_WHAT THIS TASK INVOLVES_
Repeat the data that follows verbatim. Images are not part of the copy.

_MATERIAL PROVIDED_
_____

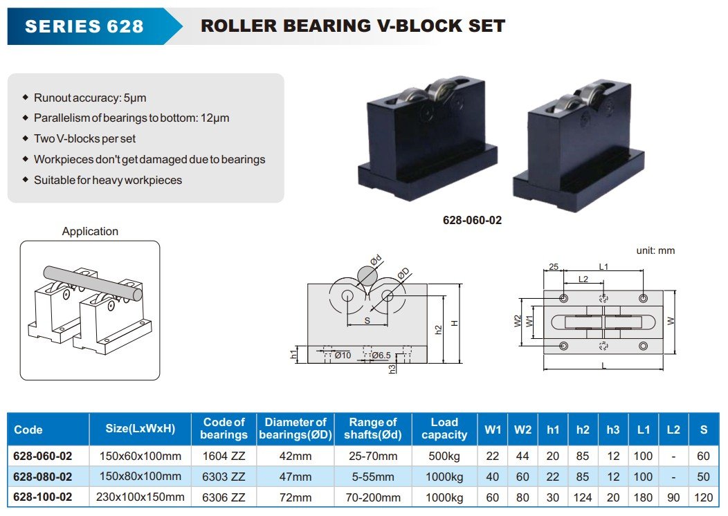 Sada V-bloků s válečkovými ložisky určená pro přesné a bezpečné upnutí obrobků. Díky ložiskům nedochází k poškození obrobků a konstrukce je vhodná i pro těžké díly; sada obsahuje dva V-bloky.
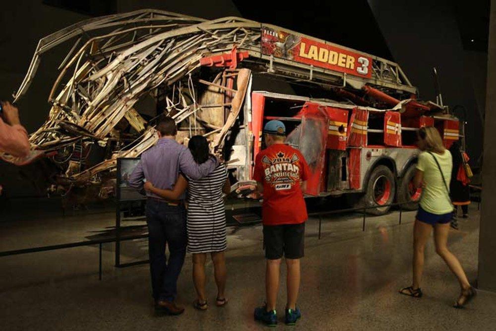 Sont exposés les restes d'un camion de la New York City Fire Department Ladder Company 3.
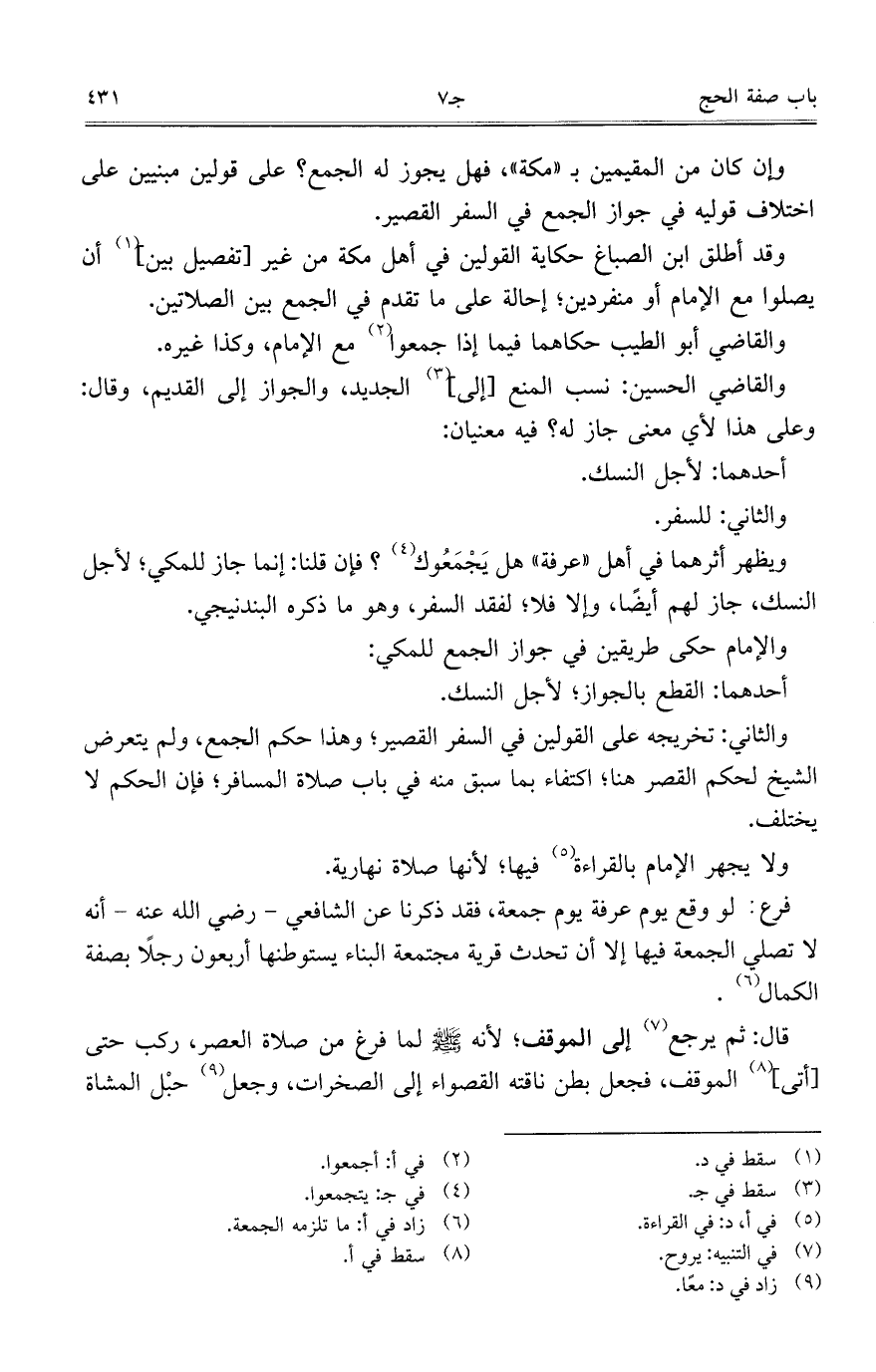 قال: ثم يرجع إلى الموقف؛ لأنه صلى الله عليه وسلم لما فرغ من صلاة العصر، ركب حتى [أتى] الموقف، فجعل بطن ناقته القصواء إلى الصخرات، وجعل حبْل المشاة
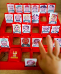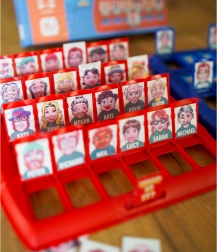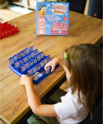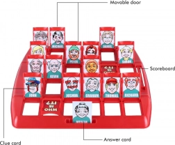 Praktikus kivitel két táblával és szereplőkkel, átlátható játék, ami elfér a hátizsákban. Tanulás játékon keresztül: fejlődik a szókincs, a logikus gondolkodás és a figyelem a részletekre (szemszín, frizura, szakáll stb.).

_____

_RESULT_
 Sada V-bloků s válečkovými ložisky určená pro přesné a bezpečné upnutí obrobků. Díky ložiskům nedochází k poškození obrobků a konstrukce je vhodná i pro těžké díly; sada obsahuje dva V-bloky.
 Sont exposés les restes d'un camion de la New York City Fire Department Ladder Company 3.
 قال: ثم يرجع إلى الموقف؛ لأنه صلى الله عليه وسلم لما فرغ من صلاة العصر، ركب حتى [أتى] الموقف، فجعل بطن ناقته القصواء إلى الصخرات، وجعل حبْل المشاة
 Praktikus kivitel két táblával és szereplőkkel, átlátható játék, ami elfér a hátizsákban. Tanulás játékon keresztül: fejlődik a szókincs, a logikus gondolkodás és a figyelem a részletekre (szemszín, frizura, szakáll stb.).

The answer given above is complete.